Страница 28 из 32
Чем больше сгущается мое «я», тем хрупче и странней кажется мне эта близкая, осязаемая, реальная жизнь, из которой меня выдавливают. Чем меньше мое «я», тем больше раздувается мир вокруг. Концентрация настолько велика, что любой малости достаточно для взрыва, способного разбить этот мир вдребезги. На какой-то миг я испытываю чувство абсолютной ясности, как эпилептик во время припадка. Я теряю всякое представление о времени и пространстве: весь мир сосредоточился на меридиане, который не имеет оси. Я ощущаю мимолетность вечности и чувствую, что все в этом мире имеет оправдание; я знаю войны и знаю, что такое поражения; знаю преступления, которые совершаются сегодня, а завтра превратятся в крикливые газетные заголовки; я знаю горе, тупое горе, которое размалывается в ступке времени и стекает по каплям на грязные носовые платки. В меридиане времени нет несправедливости – только поэзия движения, создающая иллюзию правды и драмы. Встреча с абсолютом снимает покров божественности с Гаутамы и Христа; удивительно не то, что они выращивали розы на этом житейском навозе, а то, что по какой-то причине хотели их выращивать. По какой-то причине человек ищет чуда, и, чтобы найти его, он способен пройти по трупам. Он измучает себя идеями, он превратится в тень, чтобы хоть на мгновение забыть ужас реальности. Он выдержит все – унижение, издевательства, бедность, войны, преступления и даже тоску, надеясь на внезапное чудо, которое сделает жизнь переносимой. И все время внутри человека щелкает неведомый счетчик, и нет руки, которая могла бы его остановить. Но во всех этих смятенных поисках и мучениях чуда нет; нет даже самого крошечного намека на какую-либо помощь извне. Есть только идеи – бледные, вымученные, изможденные; идеи, которые пьют вашу кровь, идеи, которые разливаются, как желчь, вываливаются, как кишки свиньи со вспоротым брюхом.
И я думаю о том, каким бы это было чудом, если б то чудо, которого человек ждет вечно, оказалось кучей дерьма, наваленной благочестивым «учеником» в биде.
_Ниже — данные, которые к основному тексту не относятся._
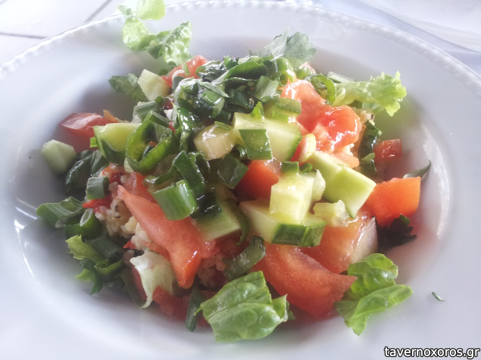 σαλάτα του χειμώνα με μπρόκολα κουνουπιδια κλπ άριστη και το ντρέσινγκ καταπληκτικο.

Что, если б в последний момент, когда пиршественный стол накрыт и гремят цимбалы, неожиданно кто-то внес бы серебряное блюдо с двумя огромными кусками дерьма, а что это дерьмо, мог бы почувствовать и слепой? Это было бы чудеснее, чем самая невероятная мечта, чем все, чего ждет человек и чего он ищет. Потому что это было бы нечто такое, о чем никто не мечтал и чего никто не ждал.
Почему-то мысль, что в этом мире не на что надеяться, подействовала на меня освежающим образом. Неделями и месяцами, даже годами, да в сущности всю свою жизнь я ждал, что случится какое-то событие, которое в корне изменит всю мою жизнь. И теперь, неожиданно вдохновленный пониманием всей безнадежности человеческого существования, я почувствовал облегчение, точно с меня свалилось огромное бремя.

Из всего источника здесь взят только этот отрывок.